Say for example I wanted to show the proportion of events by world regions. I could us geom_bar() and add y = ..prop.. and group = 1 in the aes() function. Or, I could use some other functions to summarize the data before I give it to ggplot. Check it out:

## make a new summary data object
mie_props <- mie_data |>
  group_by(region) |>
  summarize(
    events = sum(n_events),
    .groups = "drop"
  ) |>
  mutate(
    prop = events / sum(events)
  )

## make a column plot using it
ggplot(mie_props) +
  aes(x = prop, y = reorder(region, prop)) +
  geom_col()

The above code introduces some new functions and syntax. For example, I used three new functions: group_by(), summarize(), and mutate(). I also used a pipe operator: |>. We’ll talk about these things in more detail later, so keep these functions and syntax in your back pocket.

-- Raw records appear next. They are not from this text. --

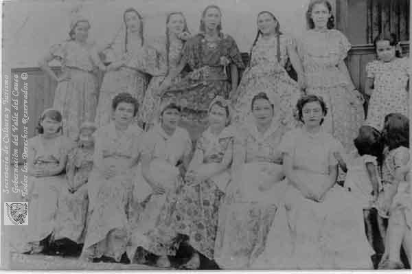 Elvia Alzate, Graciela Agudelo, Lola López, Elizabeth Velásquez, Maruja Restrepo, Mary Velásquez y la Hermana PastoraTorres, Elena González y Mercedes Colorado.Hacen parte de la comparsa culutural. El Aguila. 1939.
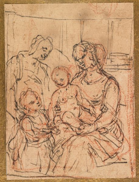 Luca Cambiaso made this pen and brown ink drawing, The Holy Family with the Infant Baptist, sometime in the 16th century. This piece exemplifies the period’s fascination with classical ideals, filtered through a Christian lens. Consider how the figures are arranged, almost like a sculptural relief, a common trope of Renaissance art. The cultural context of Renaissance Italy, particularly its religious patronage system, shaped the creation of such works. Institutions like the Catholic Church were central to artistic production, commissioning art to reinforce religious doctrine and social values. Cambiaso's artistic choices, such as the carefully rendered figures and the emphasis on familial piety, align with the Church's conservative agenda. Yet, the raw, unfinished quality of the sketch hints at a tension between artistic expression and institutional expectation. Understanding art requires delving into the social, religious, and political forces that shaped its creation. Resources such as period documents and institutional records can shed light on the complex interplay between art and society.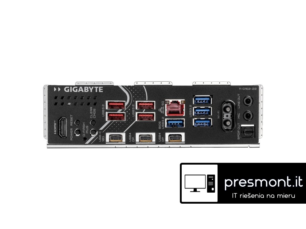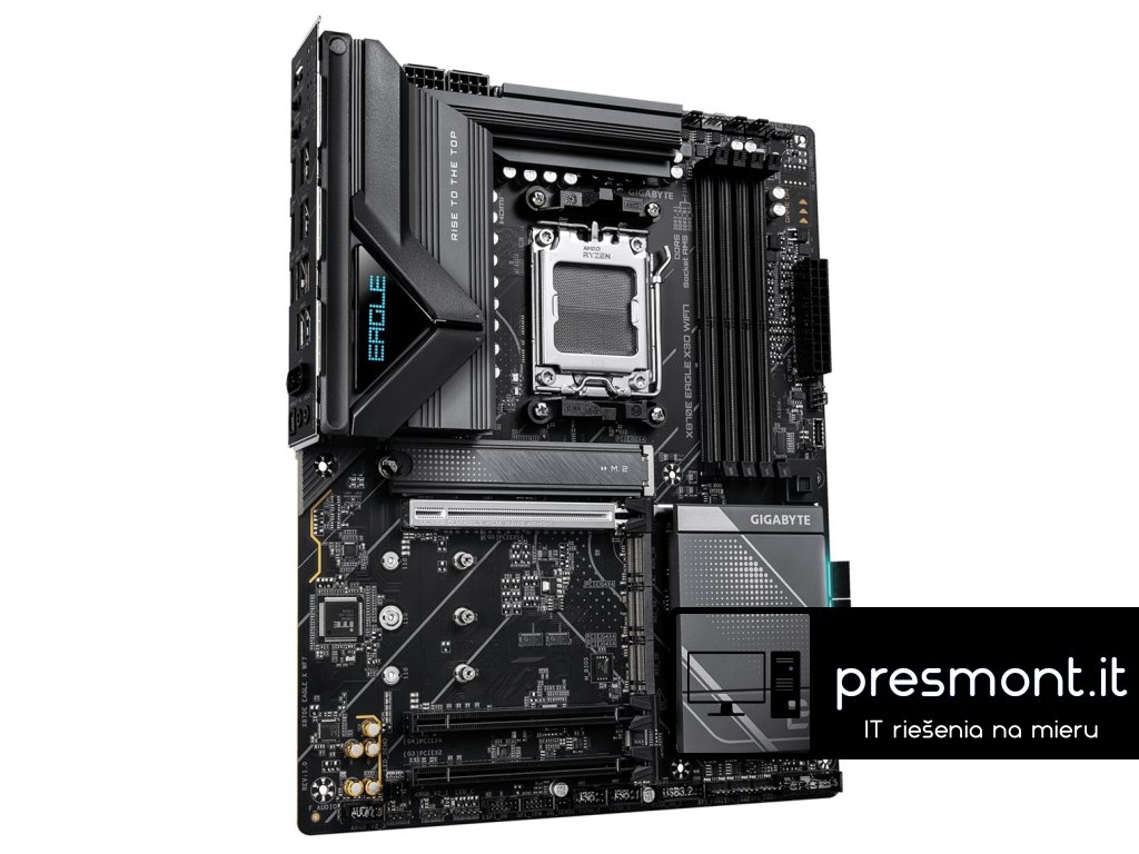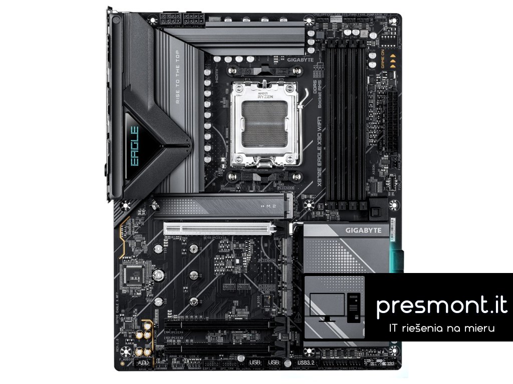 GIGABYTE ,X870E EAGLE X3D WIFI7 Chipset: ,AMD X870E Rozměrový formát: ,ATX (305x244 mm) Podpora pro procesory: ,7. až 9. gen Ryzen Patice procesoru: ,AM5 Paměť: , *4x DIMM patice podporující až 256GB, DDR5 ,9000(OC) / 8800(OC) / 8600(OC) / 8400(OC) / 8000(OC) / 7800(OC) / 7600(OC) / 7800(OC) / 7600(OC) / 7200(OC) / 7000(OC) / 6800(OC) / 6600(OC) / 6400(OC) / 6200(OC) / 6000(OC) / 5600(OC) / 5200 / 4800 / 4400 ,MT/s ,paměťové moduly *Dvoukanálová architektura paměti *Podpora paměťových modulů AMD EXtended Profiles for Overclocking (AMD EXPO™) a Extreme Memory Profile (XMP) Grafické porty: , *2x ,USB4® typu C® ,s maximálním rozlišením 3840x2160 při 240 Hz - Podpora video výstupů USB4 a DisplayPort, podpora pro DisplayPort verzi 1.4 a HDR *1x HDMI s maximálním rozlišením ,4096x2160 při 60 Hz ,- ,Podpora pro HDMI verzi ,2.1, HDCP 2.3 a HDR, podpora pro nativní porty kompatibilní s HDMI 2.1 TMDS Zvuková karta: , *Kodek ,Realtek® ALC1220 *High Definition Audio *2/4/5.1/7.1 ,kanálový *Podpora S/PDIF out Ethernet: ,Realtek® 5GbE LAN WLAN + Bluetooth: ,Qualcomm® Wi-Fi 7 QCNCM865 ,(802.11a, b, g, n, ac, ax, be), ,podpora frekvenčních pásem 2,4/5/6 GHz + Bluetooth 5.4 Rozšiřující sloty: , *1x PCI Express x16 podporuje PCIe 5.0 a běží na x16 ,(PCIEX16) *1x PCI Express x16 podporuje PCIe 4.0 a běží na x4 (PCIEX4) *1x PCI Express x16 podporuje PCIe 3.0 a běží na x2 (PCIEX2) RAID řadič: , *RAID 0, RAID 1 a RAID 10 podpora pro úložná zařízení SATA *RAID 0, RAID 1, RAID 5 a RAID 10 podpora pro úložná zařízení NVMe SSD Úložný prostor: , *1x M.2, M key typ ,25110/22110/2580/2280 ,- podpora PCIe 5.0 x4/x2 SSD (M2A_CPU) *3x M.2, M key typ ,22110/2280 ,- podpora PCIe 4.0 x4/x2 SSD ,(M2B_SB, M2C_SB, M2D_SB) *4x SATA 6Gb/s , USB: , Zadní USB *2x ,USB4® Type-C® *1x ,USB Type-C® ,s podporou USB 3.2 Gen 2 *4x USB 3.2 Gen 2 Type-A (červený) *4x ,USB 3.2 Gen 1 Přední USB *1x USB ,Type-C® header s podporou USB 3.2 Gen 2x2 *2x USB 3.2 Gen 1 header - podpora dalších 2 USB 3.2 Gen 1 *2x USB 2.0/1.1 header - podpora dalších 2 USB 2.0/1.1 Interní porty: , Napájení *1x ,24pinový hlavní napájecí konektor ATX *2x ,8pinový napájecí konektor ATX 12V Související s ventilátorem a chlazením *1x ,CPU fan header *1x ,CPU fan/water cooling pump header *4x ,system fan header *2x ,system fan/water cooling pump header Související s úložištěm *4x M.2 slot (M key) *4x SATA 6Gb/s port USB *1x USB ,Type-C® header *2x USB 3.2 Gen 1 header *2x USB 2.0/1.1 header Ostatní *3x adresovatelný RGB Gen2 LED strip header *1x ,RGB LED strip header *1x ,front panel header *1x ,front panel audio header *1x ,noise detection header *1x Trusted Platform Module header (pouze pro modul ,GC-TPM2.0 SPI V2) *1x ,reset jumper *1x ,Clear CMOS jumper *2x temperature sensor header Porty na zadním panelu: , *1x ,HDMI *1x ,resetovací tlačítko *1x napájecí tlačítko *1x tlačítko Q-Flash Plus *2x ,USB4® Type-C® ,(DisplayPort) *1x ,USB Type-C® ,s podporou USB 3.2 Gen 2 *4x USB 3.2 Gen 2 Type-A (červený) *4x ,USB 3.2 Gen 1 *1x ,RJ-45 *2x ,anténní konektor (2T2R) *2x audio jack *1x optický konektor S/PDIF out BIOS: ,1x 512Mb flash, AMI UEFI BIOS, PnP 1.0a, DMI 2.7, WfM 2.0, SM BIOS 2.7, ACPI 5.0 Odkaz na stránku výrobce: ,https://www.gigabyte.com/Motherboard/X870E-EAGLE-X3D-WIFI7Dodatočné parametre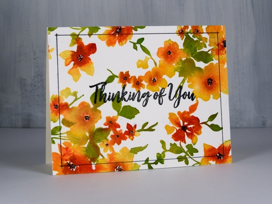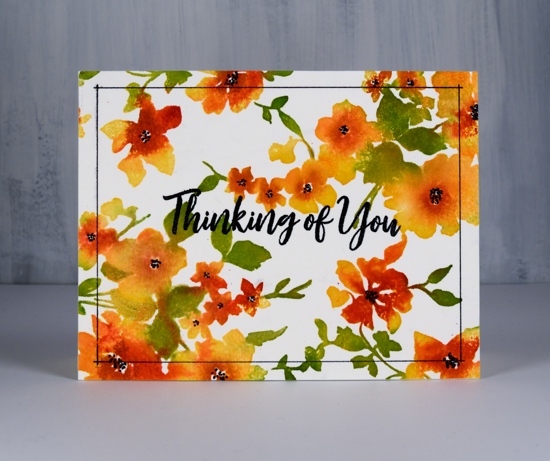 Posted: June 7, 2019 Filed under: Catherine Pooler inks, floral background, My Favorite Things, The Stamp Market | Tags: Catherine Pooler inks, My Favorite Things, The Stamp Market 8 CommentsI’m still in yellow-orange-red mode, quite unusual for me. I can assure you the blues and pinks will return! I’ve been wanting to ink up the lovely floral background from The Stamp Market again ever since I gave it the rainbow treatment. With the stamp in the MISTI I stamped first with Catherine Pooler shea butter ink on hot pressed watercolour paper. Next I did partial inking with CP samba ink. As you can see I wasn’t particularly accurate with the second colour but I did try to apply it to flowers not leaves. I spritzed the stamp and stamped again. I switched over to leaves and inked them with CP eucalyptus ink, spritzed and stamped again.

At this point you may be asking why it’s necessary to transform the data before giving it to ggplot? In the case of this simple example, the value add is less clear. This will change when we introduce more complex data transformations and summaries into the mix. You can only go so far with “under the hood” transformations using geom functions. Knowing how to transform you data before you plot it is a necessary skill, and one that will up your data visualization game many times over once you get the hang of it.